Some days, it's still hard to do that, especially because my parents and sibling have no remorse for the way they've treated me and still make me feel bad about myself. I haven't completely cut them out of my life for complicated reasons that would make this post even longer, but my therapist taught me strategies for dealing with them. She said that I should severely limit the time I talk to them on the phone and spend less time with them, and I've followed her advice. She told me that I needed to put my foot down with all of them more often, and I have, much to their displeasure, though I still have a long way to go.

I had to put my foot down with the Model too. I never again want to let anyone, whether it be the Model or my relatives, make me feel like I'm someone whose feelings don't matter and who is worthless. Now, I take pride in my academic and professional accomplishments, even though my mother doesn't and my father says I still need to do more. Now, I know that I'm not a loser just because I'm still single at 37, even though my sibling tells me otherwise. I've also lost twenty-five pounds since May, and that makes me feel good too.
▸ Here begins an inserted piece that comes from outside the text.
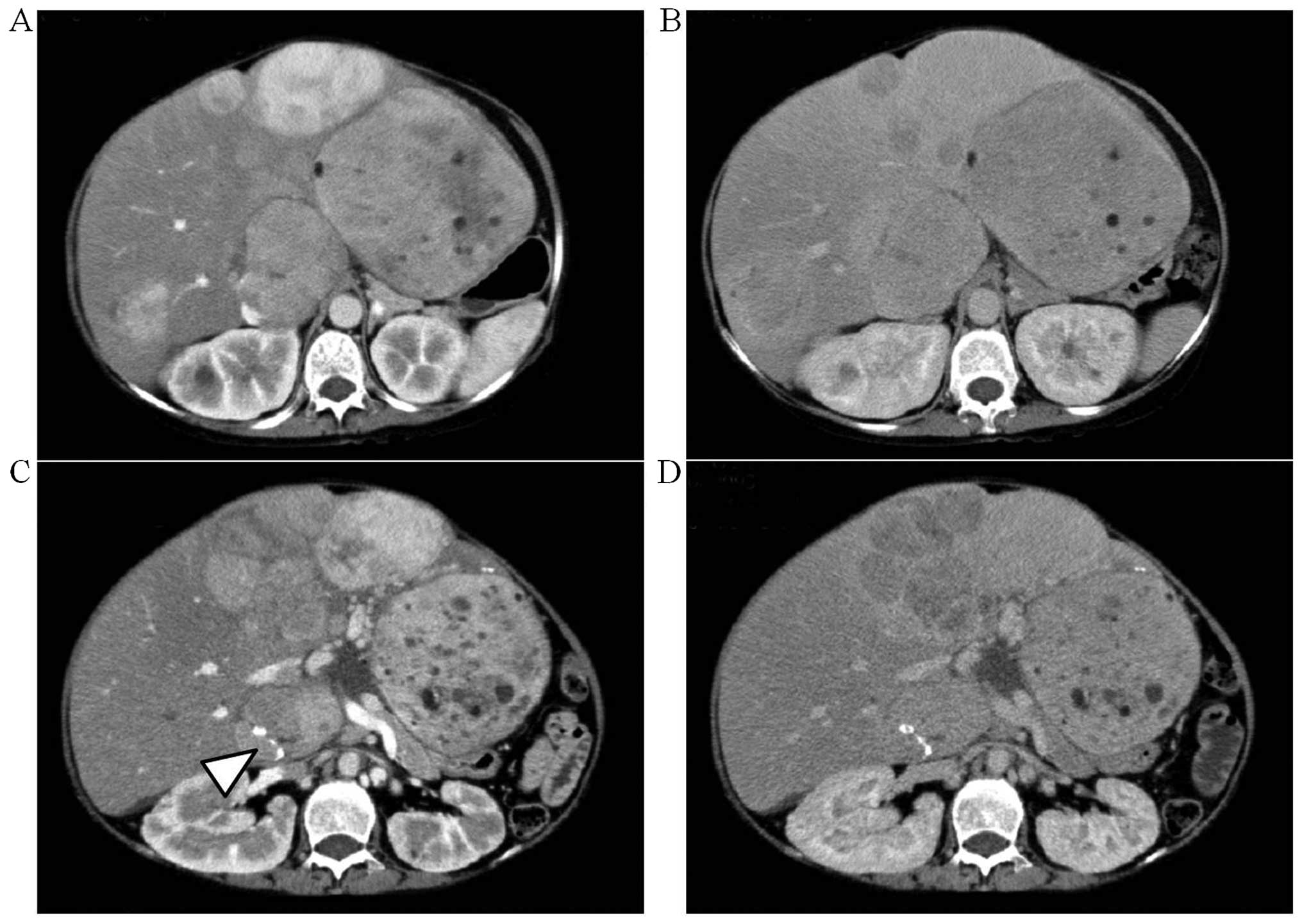 Computed tomography (CT) scans taken (A and B) at the first consult and (C and D) on the preoperative day. (A and C) Early-phase and (B and D) delayed-phase tumors. The size and number of tumors in the medial segment had increased significantly and calcification was found in the tumor of S1 (arrowhead).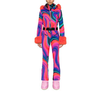 Eye-catching ski suit with a vibrant swirl pattern. Features bold red accents and a stylish belt, and fur collar/hood and sleeves.

"You're stronger than you think," my therapist once told me. "You could have continued obeying your parents and done everything they wanted, but you stayed the course and focused on making your own dream come true instead."

I'm not sharing all of this to make you feel sorry for me. But I wanted to explain why I obsess over things that some people think are not a big deal, and why I regressed into a depressive spiral after I found out what kind of person the Model really was. If it hadn't been for what I learned from those two years in therapy, I might have spiraled even further. I thought maybe this post was TMI, which is why I almost didn't post it. But writing my book-length memoir, Obsessions of a Workaholic, has made me contemplate how and why I became a neurotic workaholic and also includes TMI about my parents and sibling (I do not refer to them as my family and never will). That's why I will have to edit some of it once I finish the rough draft.

What about you? Have you ever been ghosted by a friend? Do you ever worry about including too much information in your own blog posts or manuscripts?